__Work request__: Exactly retype the lines below from the one containing "Zdjęcie Kolorowe, Drzewo, Gałęzie, Liście, Jezioro, Tatarak" through the end of the listing. Leave pictures out.

+ + + + + + +

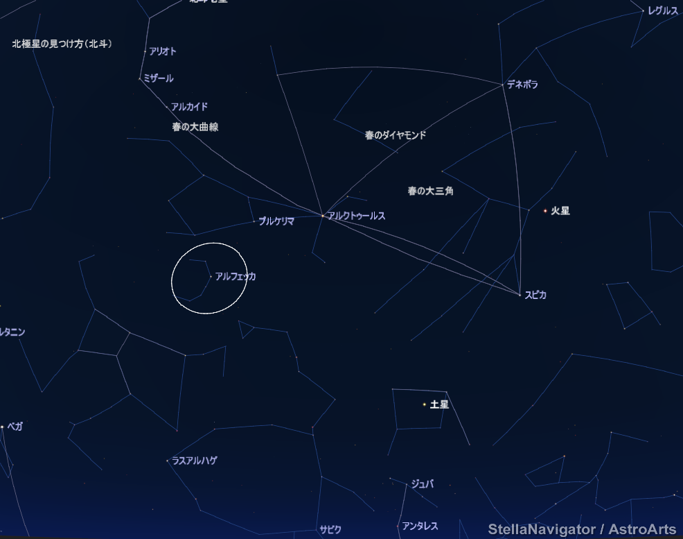 (星空案内)★大阪市20時★今日はやや曇り。マークをつけた部分、かんむり座のα星、アルフェッカ(「欠けた皿」)(ゲンマ(「宝石」))は2等星。
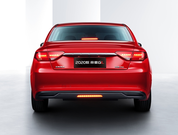 2020款帝豪GL側面相比現(xiàn)款變化則并不大,但配備了全新17英寸密輻式鋁合金輪圈。尾部方面,新車則是配備了多邊形尾燈組,并通過鍍鉻裝飾連接在一起。
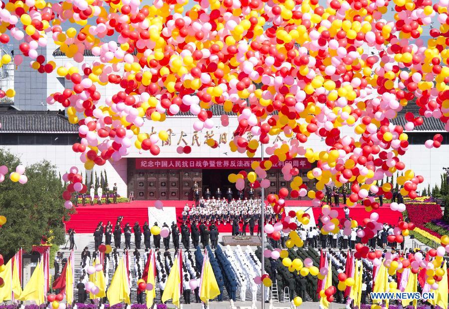 A commemoration marking the 69th anniversary of the victory of the Chinese People's War of Resistance Against Japanese Aggression, is held at the Museum of the War of Chinese People's Resistance Aganist Japanese Aggression, in Beijing, capital of China, Sept. 3, 2014. (Xinhua/Ding Lin)
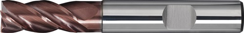 VHM · Universal-Feinstkorn · TiAlN-beschichtet · DIN 6527 L · Typ N/HPC · Vierschneider · lang · 45° Schutzfase · Zentrumschnitt · mit Zylinderschaft nach DIN 6535 HB · ungleiche Steigung · rechtsschneidend · Halsfreischliff · für vibrationsarme Bearbeitung, zum Schruppen und Schlichten geeignet · durch neu entwickelte Geometrie und Beschichtung universell einsetzbar zum Fräsen in Stahl, Stahlguss, Grauguss, Temperguss, Cr-Ni-Stählen, NE-Metallen, Aluminium mit Siliciumanteil und abrasiven WerkstoffenWeitere technische Eigenschaften:
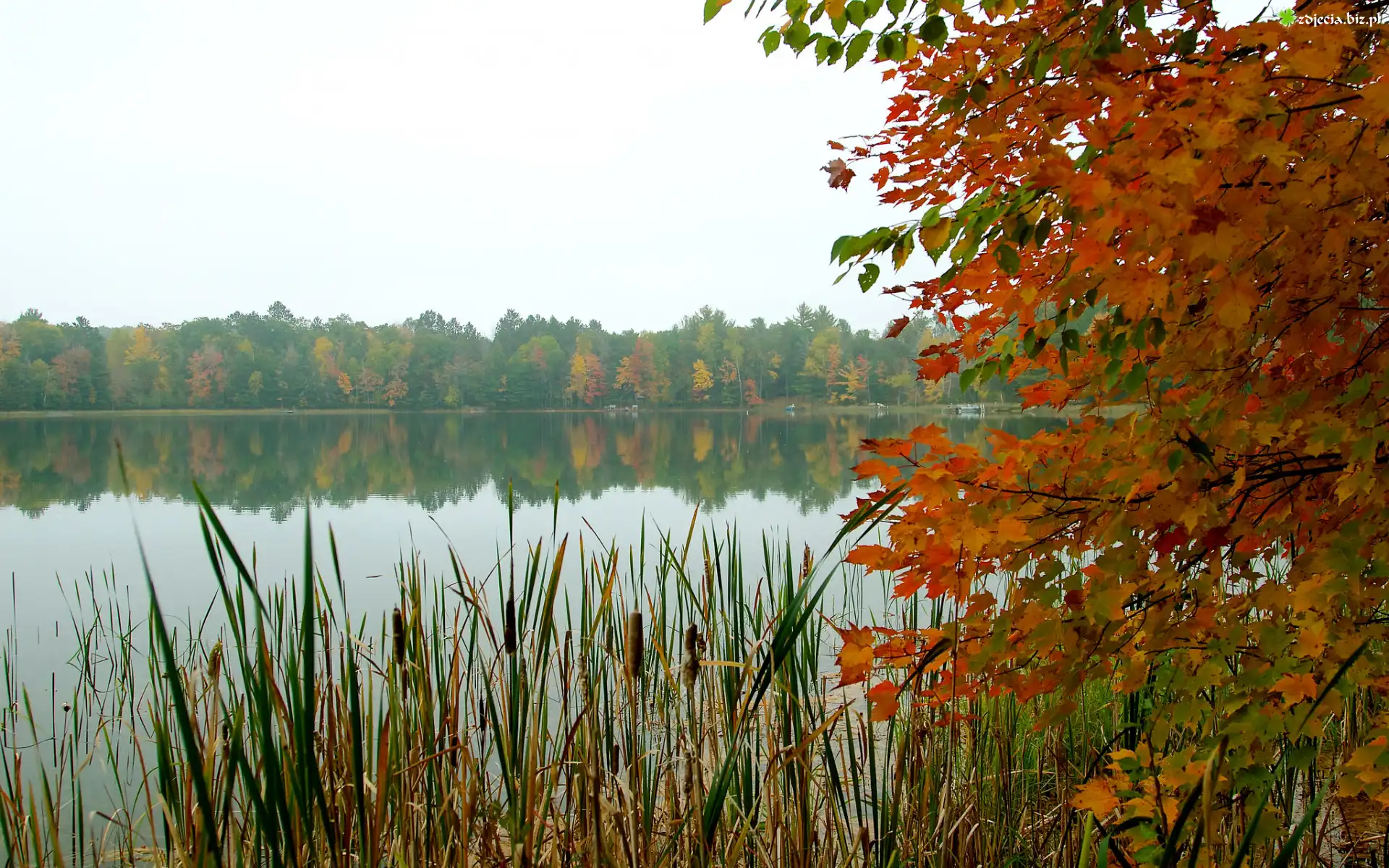 Zdjęcie Kolorowe, Drzewo, Gałęzie, Liście, Jezioro, Tatarak
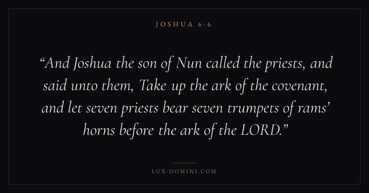And Joshua the son of Nun called the priests, and said unto them, Take up the ark of the covenant, and let seven priests bear seven trumpets of rams’ horns before the ark of the LORD.
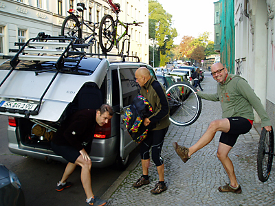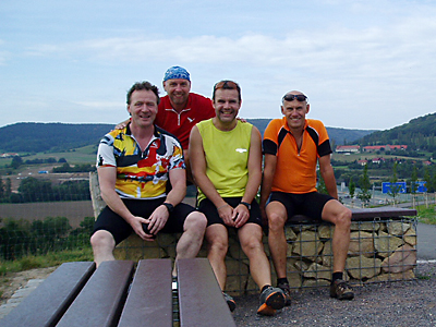 Nach zwei Jahren Reden und einer intensiven zweistündigen Vorbereitung der Etappenplanung (1. Tag-65 km, 2. Tag-85 km, 3. Tag-70 km), mit Ab- und Ankunftspunkten machten wir uns dann endlich am 02.09.2011 mit dem Bus von meinem Bruder, mit welchen Sandra dann wieder nach Hause gefahren ist, auf den Weg nach Rudolphstein um mit dem Rad in den nächsten Tagen bergab in Richtung Heimat, bis Naumburg, zu radeln. Immerhin bestand unsere Truppe zu 50% aus Vereinsmitgliedern, die ich hier nicht im Einzelnen aufzählen möchte – naja doch – Jörg Laue und ich. Also waren wir zu viert- Steffen und Norbert waren noch mit von der Partie.
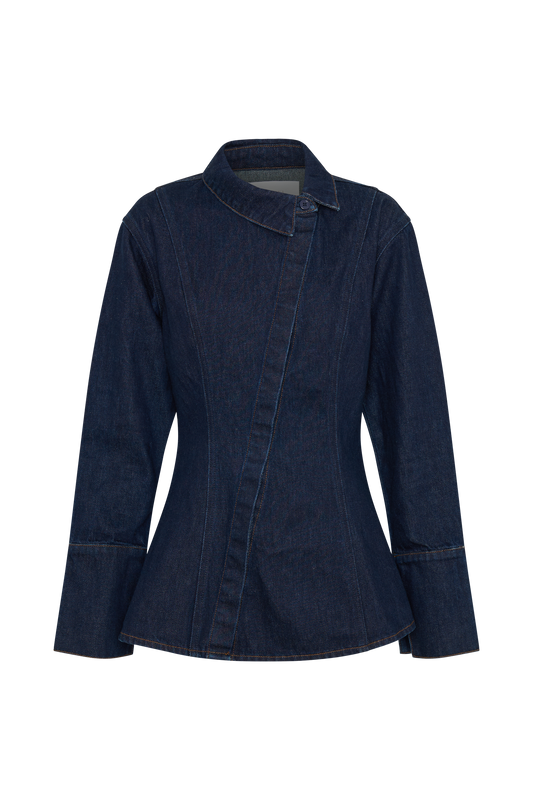 Jericho Asymmetrical Denim Shirt - Indigo Blue
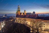 Zamek Królewski na Wawelu z Wieżą Zegarową po renowacji. Widok z drona o poranku
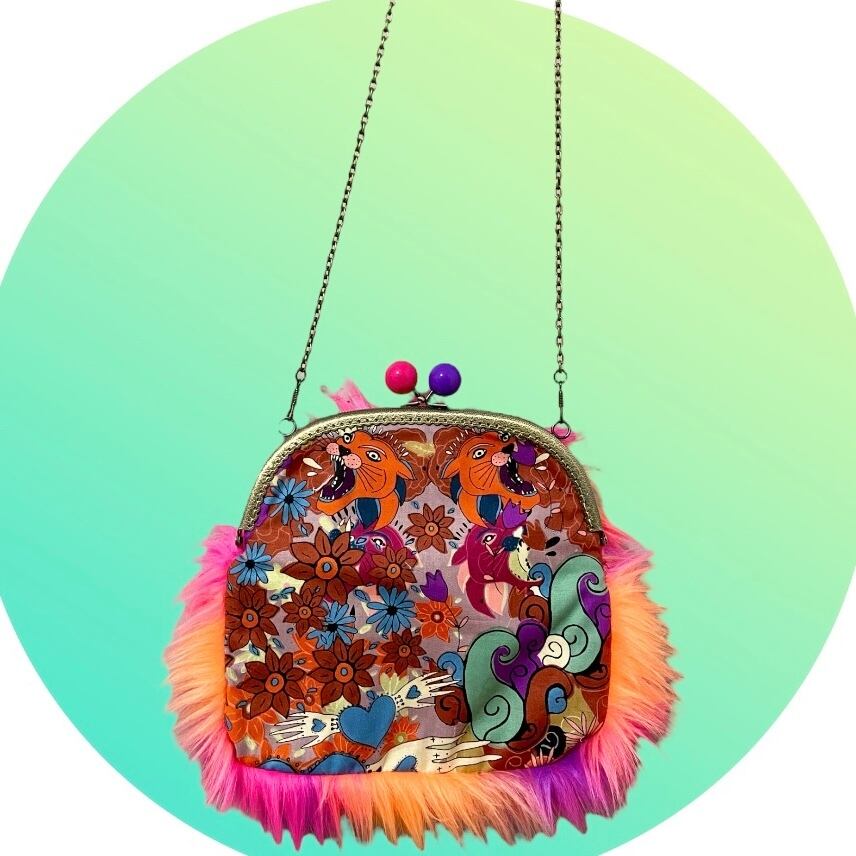 トライラスト ファーがま口バッグ
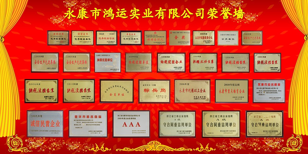 鸿运实业有限公司属于永康市骨干企业、浙江省成长之星企业。连续多年被评为“劳动信得过单位”、“纳税优胜企业”、“安全生产先进单位”、“重合同守信用单位”。2011年通过高新技术企业认定,当年还被评为科技进步企业和科技型中小企业。
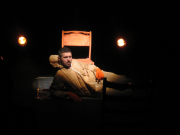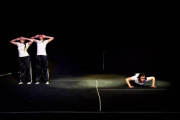 А вот лампасы рождали как раз нужные эмоции – полнейшую безысходность плюс ритмически работали в пандан с линиями, которые перформеры скотчем выкладывали на сцене. За этой геометрической перекличкой было любопытно наблюдать.

+ + + + + + +

__Solution to the problem__:
 Zdjęcie Kolorowe, Drzewo, Gałęzie, Liście, Jezioro, Tatarak
And Joshua the son of Nun called the priests, and said unto them, Take up the ark of the covenant, and let seven priests bear seven trumpets of rams’ horns before the ark of the LORD.
 Nach zwei Jahren Reden und einer intensiven zweistündigen Vorbereitung der Etappenplanung (1. Tag-65 km, 2. Tag-85 km, 3. Tag-70 km), mit Ab- und Ankunftspunkten machten wir uns dann endlich am 02.09.2011 mit dem Bus von meinem Bruder, mit welchen Sandra dann wieder nach Hause gefahren ist, auf den Weg nach Rudolphstein um mit dem Rad in den nächsten Tagen bergab in Richtung Heimat, bis Naumburg, zu radeln. Immerhin bestand unsere Truppe zu 50% aus Vereinsmitgliedern, die ich hier nicht im Einzelnen aufzählen möchte – naja doch – Jörg Laue und ich. Also waren wir zu viert- Steffen und Norbert waren noch mit von der Partie.
 Jericho Asymmetrical Denim Shirt - Indigo Blue
 Zamek Królewski na Wawelu z Wieżą Zegarową po renowacji. Widok z drona o poranku
 トライラスト ファーがま口バッグ
 鸿运实业有限公司属于永康市骨干企业、浙江省成长之星企业。连续多年被评为“劳动信得过单位”、“纳税优胜企业”、“安全生产先进单位”、“重合同守信用单位”。2011年通过高新技术企业认定,当年还被评为科技进步企业和科技型中小企业。
 А вот лампасы рождали как раз нужные эмоции – полнейшую безысходность плюс ритмически работали в пандан с линиями, которые перформеры скотчем выкладывали на сцене. За этой геометрической перекличкой было любопытно наблюдать.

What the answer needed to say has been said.